--- Instructions for the task ---
Write the entries out exactly. Any images they hold stay out of the copy.

[Stored data]
****************************************

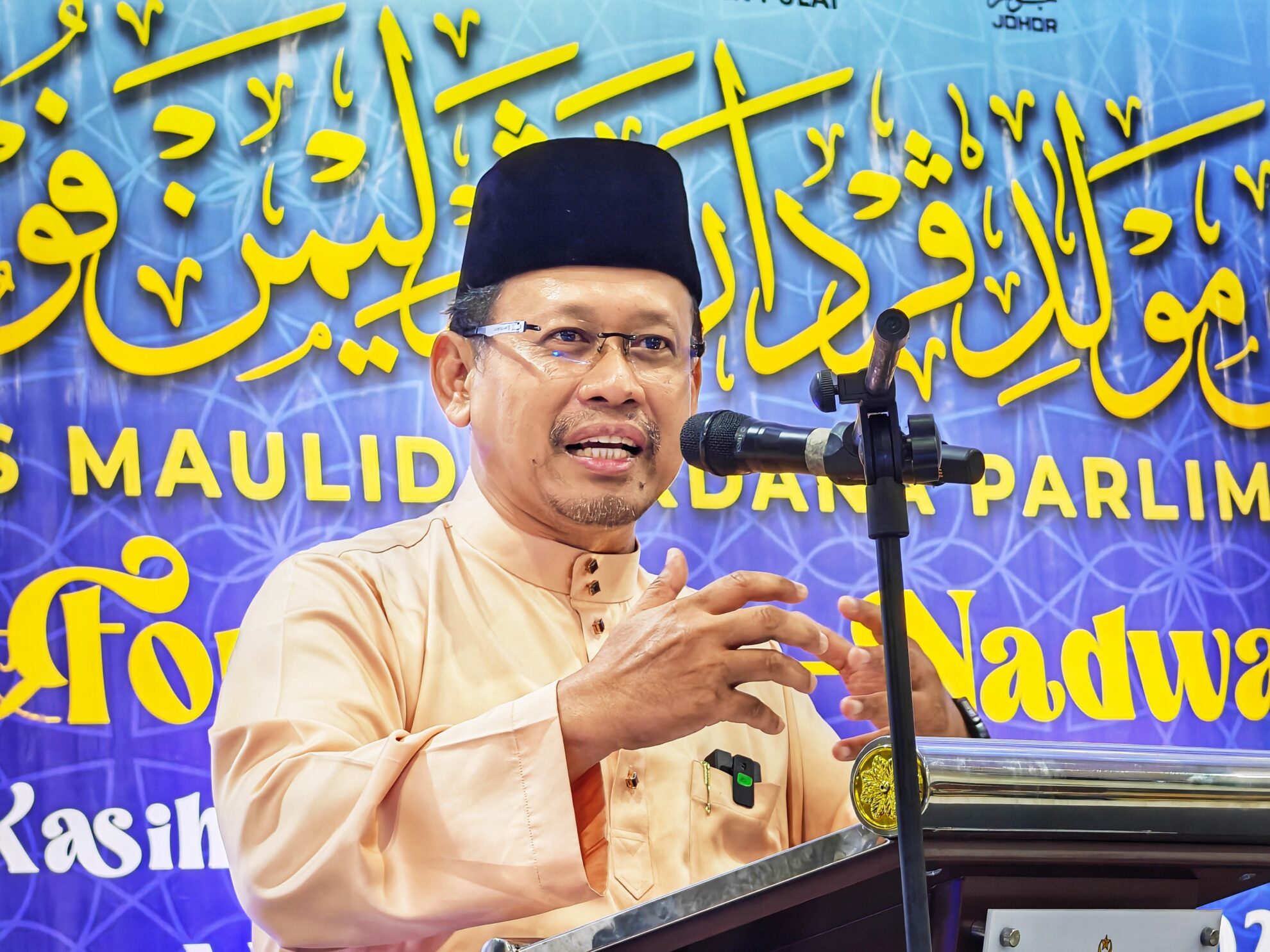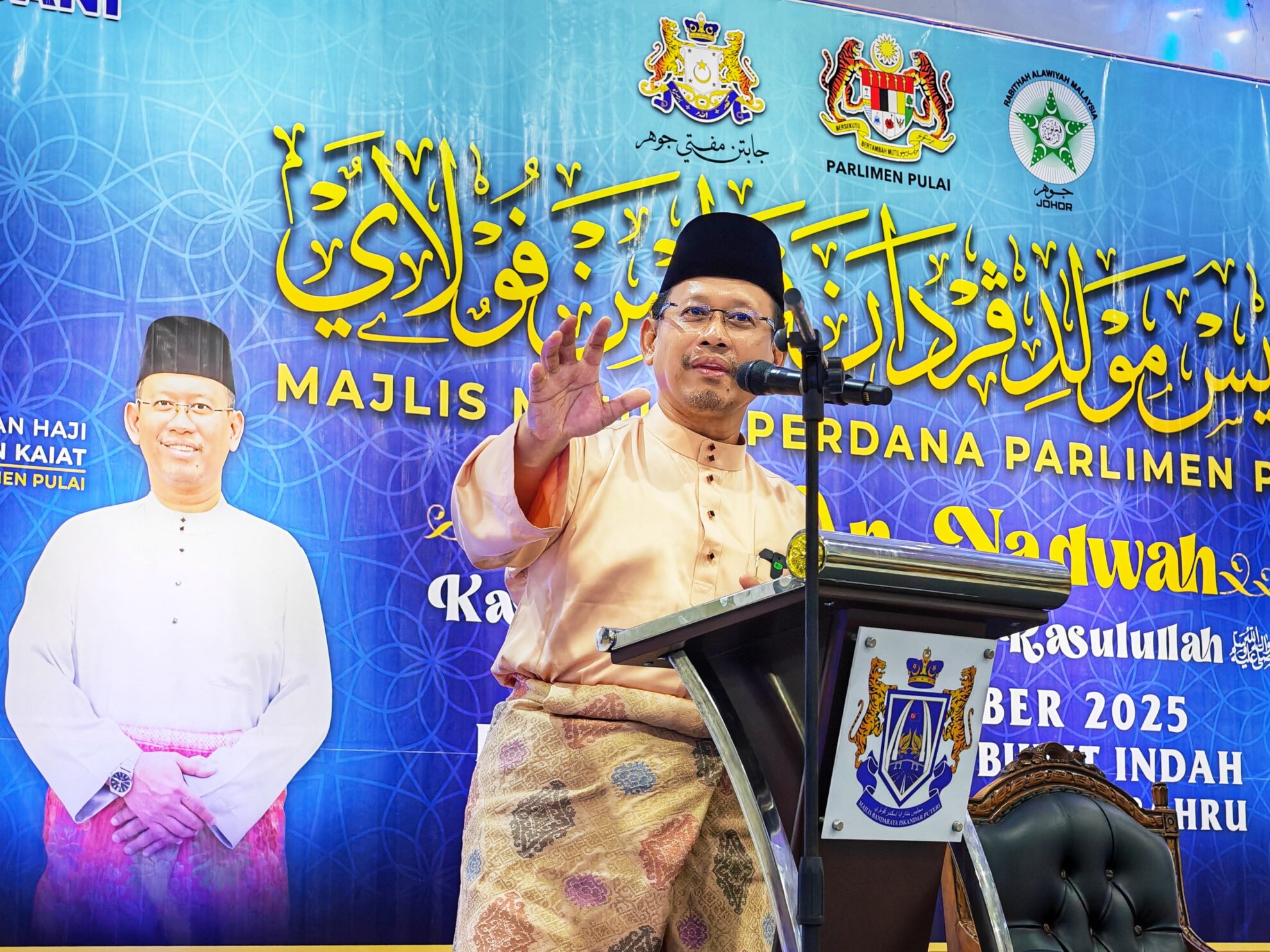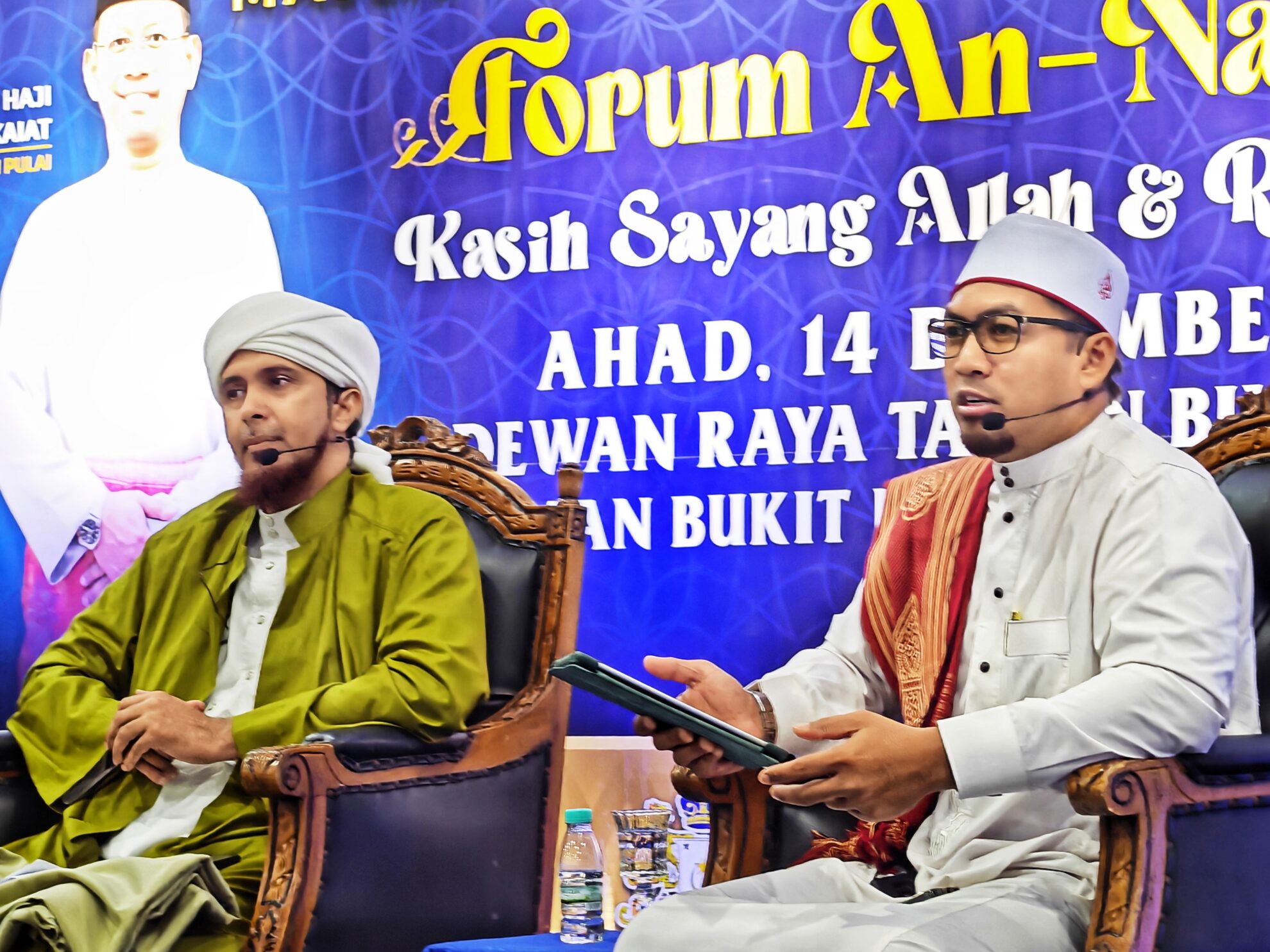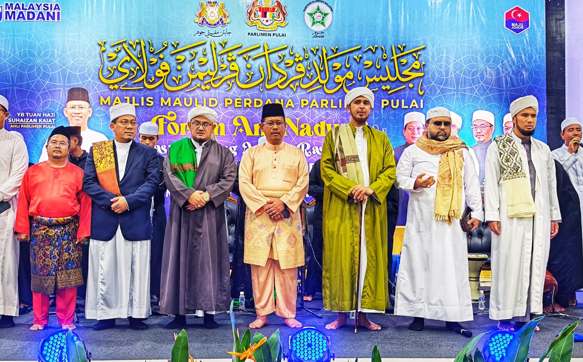 FOTO BERITA: Majlis Forum An-Nadwah – Kasih Sayang Allah & Rasulullah bersama Tuan Hj Halid Hj Sono Kadhi Besar Negeri Johor, Al-Habib Ali Zaenal Abidin Abu Bakar Al-Hamid Penasihat Rabithah Alawiyah Malaysia dan Dato’ Hj Ahmad Faisal Mohamed Timbalan Mufti. Turut hadir YB Tuan Hj Suhaizan Kaiat Ahli Parlimen Pulai di Dewanraya Taman Bukit Indah, Jalan Changkat Indah Utama, Johor Bahru, Johor. 14hb Disember 2025 (Ahad)
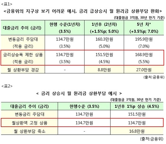 금융위원회(위원장 최종구)가 18일(월) 2종의 “금리상승 리스크 경감형 주택담보대출”을 출시했다. 즉 월 상환액 고정형 주택담보대출과 금리상환형 주택담보대출이다.
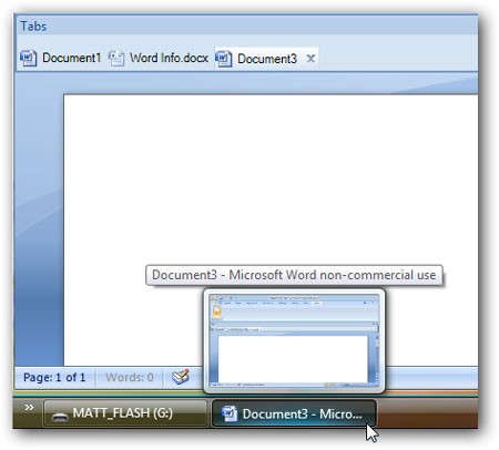 Khi sử dụng Doc Tabs, bạn sẽ chỉ thấy một biểu tượng duy nhất trên thanh Taskbar, ngay cả khi có nhiều tài liệu đang mở. Điều này giúp bạn dễ dàng chuyển đổi giữa các tài liệu và các ứng dụng khác bằng tổ hợp phím Alt-Tab.
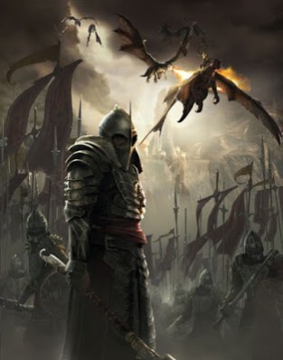 Unico in entrambi gli eserciti, almeno per quello che vediamo, è il drago di Atta-Kai, che sceglie Rohn come suo cavaliere dopo la morte del primo. Si tratta di un drago sanguinario (Blood Dragon), appartenente a una razza feroce e molto riverita, che prende il suo nome dalle macchie rosso sangue che ha sulla testa, e dagli screzi dello stesso colore sulle ali. Il drago sanguinario è uno dei draghi più grandi, ma è leggero, senza la robustezza dei draghi oscuri, e pensato per essere veloce senza rinunciare a un po’ di forza in più. Il suo corpo, la cui livrea fatta di varie gradazioni di grigio ricorda quelle di molte ricostruzioni dei dinosauri, è scattante e ricorda quello di un levriero, mentre le ali hanno una membrana abbastanza stretta, e ai lati del primo tratto di coda si trovano disposti spuntoni laterali, come quelli sui fianchi di Ankylosauridi come Polacanthus. La testa ha una forma molto caratteristica: mascella superiore stretta e mandibola larga, ha due grosse zanne alla fine di entrambe, e sulla parte centrale del muso una cresta a forma di falce, piegata verso l’indietro, che sembra avere un aspetto aerodinamico e che probabilmente cambia colore nel periodo degli accoppiamenti (no, questa è pura speculazione fine a sé stessa, mi sto prendendo in giro da solo e sono abituato a congetture del genere proprio per via di tutti quei documentari sui dinosauri).
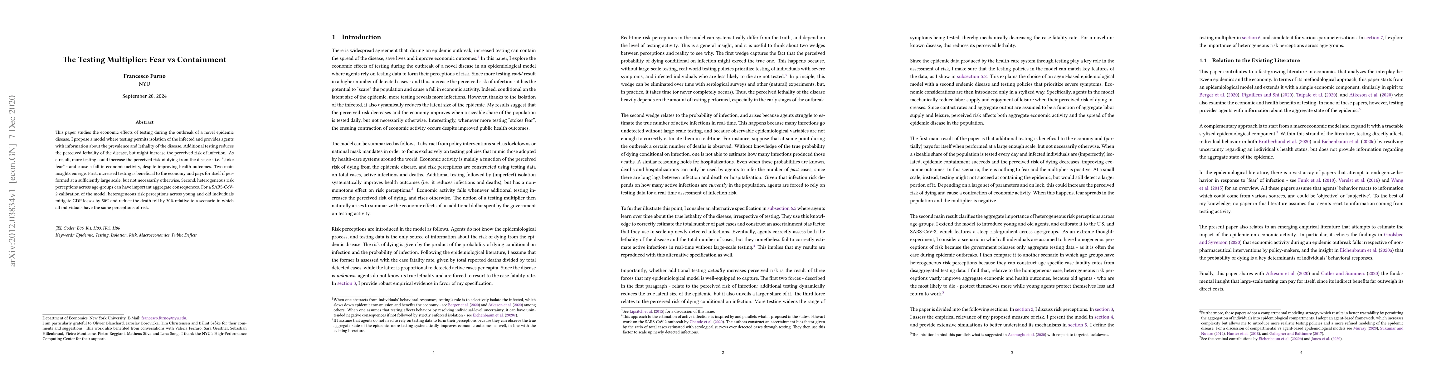 I study the economic effects of testing during the outbreak of a novel disease. I propose a model where testing permits isolation of the infected and provides agents with information about the prevalence and lethality of the disease. Additional testing reduces the perceived lethality of the disease, but might increase the perceived risk of infection. As a result, more testing could increase the perceived risk of dying from the disease - i.e. "stoke fear" - and cause a fall in economic activity, despite improving health outcomes. Two main insights emerge. First, increased testing is beneficial to the economy and pays for itself if performed at a sufficiently large scale, but not necessarily otherwise. Second, heterogeneous risk perceptions across age-groups can have important aggregate consequences. For a SARS-CoV-2 calibration of the model, heterogeneous risk perceptions across young and old individuals mitigate GDP losses by 50% and reduce the death toll by 30% relative to a scenario in which all individuals have the same perceptions of risk.
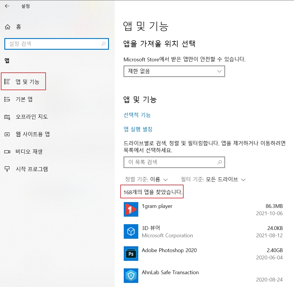 또한 필요해서 설치한 프로그램이라도 오랫동안 사용하지 않고 있는 것이 있다면 제거하는 것이 좋습니다. 내 컴퓨터의 설정 홈으로 들어가서 설치된 앱을 클릭하면 제거할 수 있습니다.
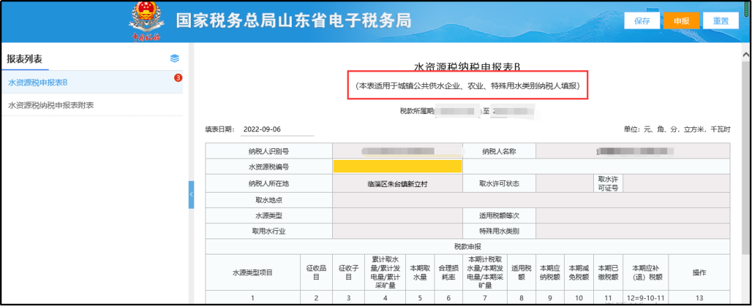 水資源稅申報(bào)B表,適用于城鎮(zhèn)公共供水企業(yè)、農(nóng)業(yè)、特殊用水類(lèi)別納稅人填報(bào)。該納稅人的第一條水資源稅源的“取用水行業(yè)”是“其他”行業(yè),所以在B表中無(wú)法選擇,在A表中可以選擇。
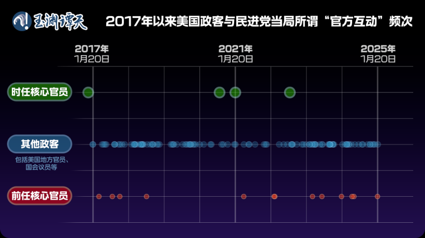 谭主梳理了2017年以来民进党当局与这些政客公开的所谓“官方互动”,包括好意思国政客窜台、与民进党当局碰头、通话等。
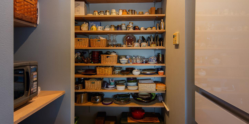 ●大好きな料理をしながら音楽がきけるように天井埋込スピーカーを付けたり、キッチンから景色を眺められるように室内窓をつけたり、これからの人生を思い出のつまったモノ達と豊かに過ごしていただけるように考えた。
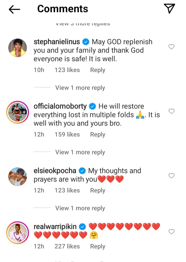 Elsie Okpocha joined a host of others to console the comedian saying, “My thoughts and prayers are with you.”
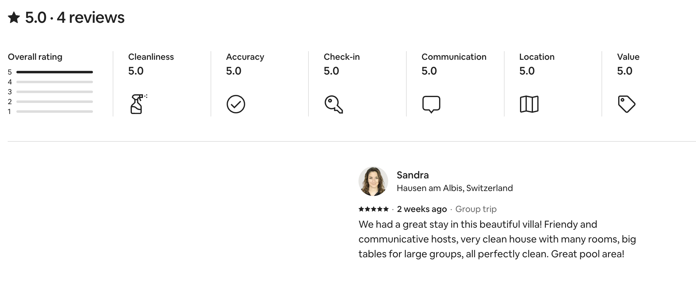 A very comfortable and stylish villa! We were a group of 14 family members, ranging in age from 5 to 78, and everyone had a wonderful time. The hosts were incredibly kind and helpful — even offering to drive one of us to the airport. A truly memorable family holiday.
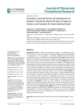 et al. Prevalence and risk factors of prevalence and risk factors of osteoporosis in diabetic individuals above 50 years of age
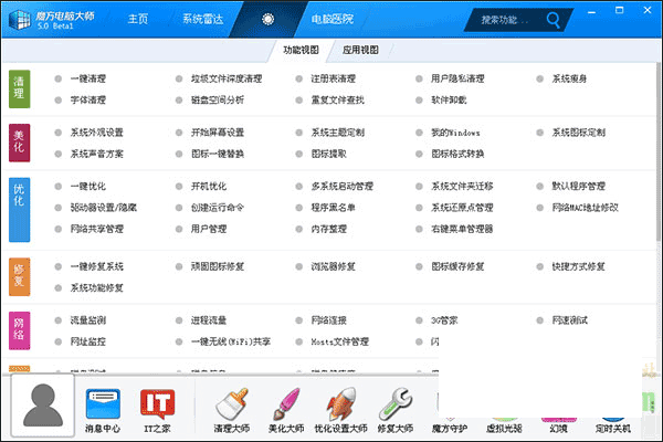 包括Windows系统清理、美化、优化、修复、网络、磁盘、文件、IE、工具等。
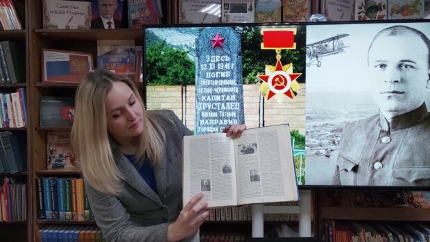 В нашей библиотеке прошёл час истории, посвящённый памяти советского лётчика, капитана Николая Титовича Хрусталёва.

****************************************

--- Solution ---
 FOTO BERITA: Majlis Forum An-Nadwah – Kasih Sayang Allah & Rasulullah bersama Tuan Hj Halid Hj Sono Kadhi Besar Negeri Johor, Al-Habib Ali Zaenal Abidin Abu Bakar Al-Hamid Penasihat Rabithah Alawiyah Malaysia dan Dato’ Hj Ahmad Faisal Mohamed Timbalan Mufti. Turut hadir YB Tuan Hj Suhaizan Kaiat Ahli Parlimen Pulai di Dewanraya Taman Bukit Indah, Jalan Changkat Indah Utama, Johor Bahru, Johor. 14hb Disember 2025 (Ahad)
 금융위원회(위원장 최종구)가 18일(월) 2종의 “금리상승 리스크 경감형 주택담보대출”을 출시했다. 즉 월 상환액 고정형 주택담보대출과 금리상환형 주택담보대출이다.
 Khi sử dụng Doc Tabs, bạn sẽ chỉ thấy một biểu tượng duy nhất trên thanh Taskbar, ngay cả khi có nhiều tài liệu đang mở. Điều này giúp bạn dễ dàng chuyển đổi giữa các tài liệu và các ứng dụng khác bằng tổ hợp phím Alt-Tab.
 Unico in entrambi gli eserciti, almeno per quello che vediamo, è il drago di Atta-Kai, che sceglie Rohn come suo cavaliere dopo la morte del primo. Si tratta di un drago sanguinario (Blood Dragon), appartenente a una razza feroce e molto riverita, che prende il suo nome dalle macchie rosso sangue che ha sulla testa, e dagli screzi dello stesso colore sulle ali. Il drago sanguinario è uno dei draghi più grandi, ma è leggero, senza la robustezza dei draghi oscuri, e pensato per essere veloce senza rinunciare a un po’ di forza in più. Il suo corpo, la cui livrea fatta di varie gradazioni di grigio ricorda quelle di molte ricostruzioni dei dinosauri, è scattante e ricorda quello di un levriero, mentre le ali hanno una membrana abbastanza stretta, e ai lati del primo tratto di coda si trovano disposti spuntoni laterali, come quelli sui fianchi di Ankylosauridi come Polacanthus. La testa ha una forma molto caratteristica: mascella superiore stretta e mandibola larga, ha due grosse zanne alla fine di entrambe, e sulla parte centrale del muso una cresta a forma di falce, piegata verso l’indietro, che sembra avere un aspetto aerodinamico e che probabilmente cambia colore nel periodo degli accoppiamenti (no, questa è pura speculazione fine a sé stessa, mi sto prendendo in giro da solo e sono abituato a congetture del genere proprio per via di tutti quei documentari sui dinosauri).
 I study the economic effects of testing during the outbreak of a novel disease. I propose a model where testing permits isolation of the infected and provides agents with information about the prevalence and lethality of the disease. Additional testing reduces the perceived lethality of the disease, but might increase the perceived risk of infection. As a result, more testing could increase the perceived risk of dying from the disease - i.e. "stoke fear" - and cause a fall in economic activity, despite improving health outcomes. Two main insights emerge. First, increased testing is beneficial to the economy and pays for itself if performed at a sufficiently large scale, but not necessarily otherwise. Second, heterogeneous risk perceptions across age-groups can have important aggregate consequences. For a SARS-CoV-2 calibration of the model, heterogeneous risk perceptions across young and old individuals mitigate GDP losses by 50% and reduce the death toll by 30% relative to a scenario in which all individuals have the same perceptions of risk.
 또한 필요해서 설치한 프로그램이라도 오랫동안 사용하지 않고 있는 것이 있다면 제거하는 것이 좋습니다. 내 컴퓨터의 설정 홈으로 들어가서 설치된 앱을 클릭하면 제거할 수 있습니다.
 水資源稅申報(bào)B表,適用于城鎮(zhèn)公共供水企業(yè)、農(nóng)業(yè)、特殊用水類(lèi)別納稅人填報(bào)。該納稅人的第一條水資源稅源的“取用水行業(yè)”是“其他”行業(yè),所以在B表中無(wú)法選擇,在A表中可以選擇。
 谭主梳理了2017年以来民进党当局与这些政客公开的所谓“官方互动”,包括好意思国政客窜台、与民进党当局碰头、通话等。
 ●大好きな料理をしながら音楽がきけるように天井埋込スピーカーを付けたり、キッチンから景色を眺められるように室内窓をつけたり、これからの人生を思い出のつまったモノ達と豊かに過ごしていただけるように考えた。
 Elsie Okpocha joined a host of others to console the comedian saying, “My thoughts and prayers are with you.”
 A very comfortable and stylish villa! We were a group of 14 family members, ranging in age from 5 to 78, and everyone had a wonderful time. The hosts were incredibly kind and helpful — even offering to drive one of us to the airport. A truly memorable family holiday.
 et al. Prevalence and risk factors of prevalence and risk factors of osteoporosis in diabetic individuals above 50 years of age
 包括Windows系统清理、美化、优化、修复、网络、磁盘、文件、IE、工具等。
 В нашей библиотеке прошёл час истории, посвящённый памяти советского лётчика, капитана Николая Титовича Хрусталёва.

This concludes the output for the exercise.